You can, provided your DVD player has 5.1 output. Otherwise you get splitters to divide output amongst the speakers. No 5.1, just sourround sound.


----------



## plasmafire (Mar 27, 2005)

there is also inspire 5300, 5400.. i don't get it..which to buy, which are available in india,what r the prices?

my dvd player has 6 distinct channels..

*ecoustics.epinions.com/cmhd-Speakers-All-Creative_Technology/sec_~product_list/pp_~1/pa_~1#list


----------



## gamefreak14 (Mar 27, 2005)

Whats generally available here is the 5200. Since your player has 6 channels, you have to buy a joiner joining two channels to one. It costs Rs50/cable.


----------



## akshayt (Mar 27, 2005)

Creative indpire (i heard 2.1) has useless quality sound and bass.

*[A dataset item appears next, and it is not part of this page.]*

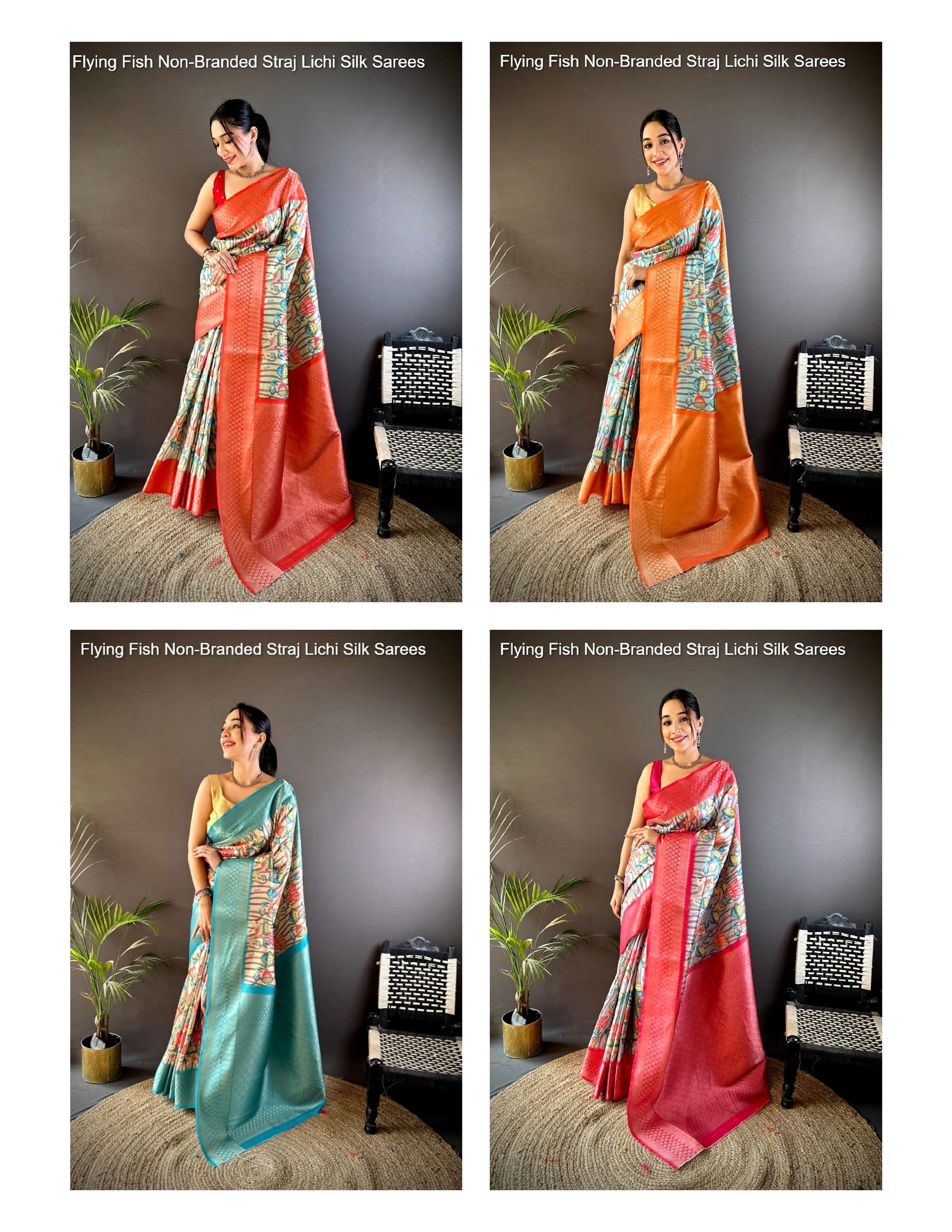Flying Fish Non-Branded Straj Lichi Silk Sarees

Take a look at Altec Lansing 251 or Logitech x530,buy only with others advice as well as I haven't heard them


----------



## suave_guy (Mar 27, 2005)

buy Altec Lansing 251 and buy Altec Lansing 'AAC1 Y-adapter ' and use it to connect ur speakers to ur dvd player and it can also be used to connect ur speakers to gaming consoles.... 
*alteclansing.com/product_details_intl.asp?pID=251&region=asiapac&country_code=in
*alteclansing.com/product_details_store.asp?pID=AAC1&redir=NO

altec lansing 251 is tad better then creative inspire series....better bass

ENjoy...


----------



## devilhead_satish (Mar 27, 2005)

*images.techtree.com/ttimages/story//speakers.jpg
Hope this helps you. Actually its the latest list of prices of peripherals on Techtree.Com


----------



## plasmafire (Mar 27, 2005)

actually it does help.. a lot

watz the latest price(chennai if possible) of the three  

altc lansing 5100,521 and creative 5.1 5200


----------



## akshayt (Mar 28, 2005)

altec lansing 251 is for 4000 in delhi
5100 is for 9000


----------



## plasmafire (Mar 28, 2005)

oops my 5100 plans seem to be fizzing out....


----------



## suave_guy (Mar 28, 2005)

well if altec lansing 5100 is out of budget then settle for altec lansing VS3151....this model is tad better then altec lansing 251 and clearly better then creative 5200....

ENjoy....


----------



## pirates1323 (Mar 28, 2005)

Best 5.1 will be ALTEC LANSING   which has great sound


----------



## plasmafire (Apr 7, 2005)

hey suave price??


----------



## suave_guy (Apr 7, 2005)

Altec lansing 5100....Rs.8900 approx.

Altec Lansing VS3151(recommended considering ur budget)....Rs.5800 approx.

Altec Lansing 251....Rs.4400 approx.


----------